I have apps I want to publish, but why would I even begin to work on them knowing that Apple could pull the plug on me at any time?

And yes, the Cydia store is for jailbroken phones because that's the only way to load your own software onto your phone, but there are plenty of useful apps on there that aren't security issues and are only there to get around app store restrictions.

Apple doesn't have to restrict which apps I run to keep it secure. They do just fine securing MacOS, which allows one to install whatever they want.

> why would I even begin to work on them knowing that Apple could pull the plug on me at any time?

Perhaps it’s simply not true that Apple pulls the plug on apps at any time.

Billions of dollars paid to developers suggest that you are just wrong about that.

The billions of dollars paid out does not disprove that at all. There are many articles, often posted right here on HN, of apps getting pulled from the app store for random reasons. Lots of articles about apps that push an update and then get removed from the store because they found something else objectionable that was previously approved.
A few tens of articles, about things which are almost always resolved.

I personally have had updates rejected, and then simply resolved the issues and resubmitted.

It’s simply false to say that apps are just pulled at any time.

You have allowed a few voices on hacker news to give you a false impression.

I made an app to show the books you have lend at a public library

And to make sure it can be used with all existing libraries web sites and all opacs, you can enter any url and an xpath expressions, and then it runs the xpath expressions each day and shows the result as list of books.
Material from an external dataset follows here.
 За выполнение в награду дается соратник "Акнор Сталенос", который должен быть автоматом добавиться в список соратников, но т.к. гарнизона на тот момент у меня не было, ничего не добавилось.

And since I wrote it 15 years ago, there were no tech libraries for headless browsers available. So I wrote half of my own browser, and an XPath interpreter. (Modern XPath is actually Turing-complete, and with the EXPath file module, it can read and write to any file)
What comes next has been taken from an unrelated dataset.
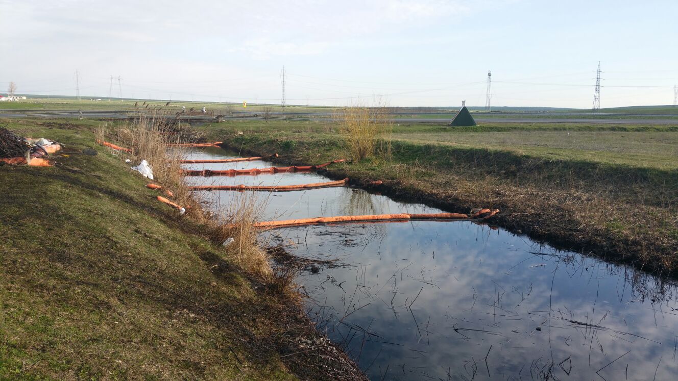 Pelicula de hidrocarburi nu s-a scurs în canal, pentru că a fost stopată cu baraje antipoluante de muncitorii unei firme de specialitate.

So, if the store does not allow custom browsers or Python interpreters, those are two reasons it would not allow my app.

Nothing you have described would be disallowed.
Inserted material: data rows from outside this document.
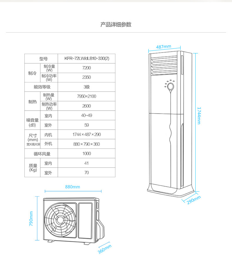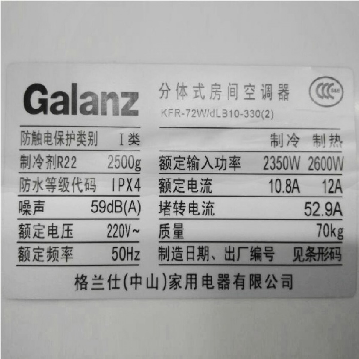 商品名称:格兰仕 3匹冷暖柜机空调 KFR-72LW/DLB10-330(2)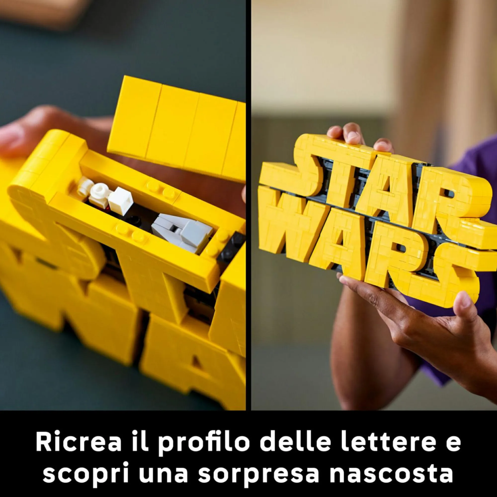 Modellino da costruire per adulti ricco di dettagli: il logo Star Wars presenta i classici dettagli in greebling, con le costruzioni LEGO nelle aree nere tra le lettere gialle; nella “T” di Star Wars è inoltre presente una piccola sorpresa per i fan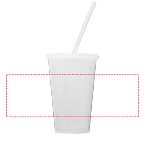 Doppelwandiger, lichtdurchlässiger Isolierbecher. Lieferung mit PE-Strohhalm. Das Fassungsvermögen beträgt 350 ml. Hergestellt in Großbritannien. EN12875-1 - konform und spülmaschinengeeignet.

Often the ideas about restrictions are simply false beliefs.

Of course they would be. OP said they wrote their own browser. The app store specifically disallows this. You must use the Safari render engine.
> headless browsers available. So I wrote half of my own browser

The OP said - headless browser, I.e: network and parsing the Dom, but not rendering.

Perfectly allowed. Please stop saying otherwise.

Rendering engine is not the issue. It's the JIT - firefox could publish a browser, it would just need to have interpreted javascript and it'd be useless.
Well, then it is good, I did not make a JIT (only XPath AST, not even bytecode)

Although I have been thinking about making a JIT. Building on for x86 is easy enough, but then it is useless for ARM. I would not want to build two JITs. Or four with 32/64-bits.

This is just wrong. Apple disallows apps that duplicate existing functionality, i.e. browsers. You can write whatever wack headless browser you want, and there are tons of frameworks for this exact purpose, too: All manner of methods to do network things without invoking Safari.

This is a jawbreaker of hyperbole around a chewy gum center of truth.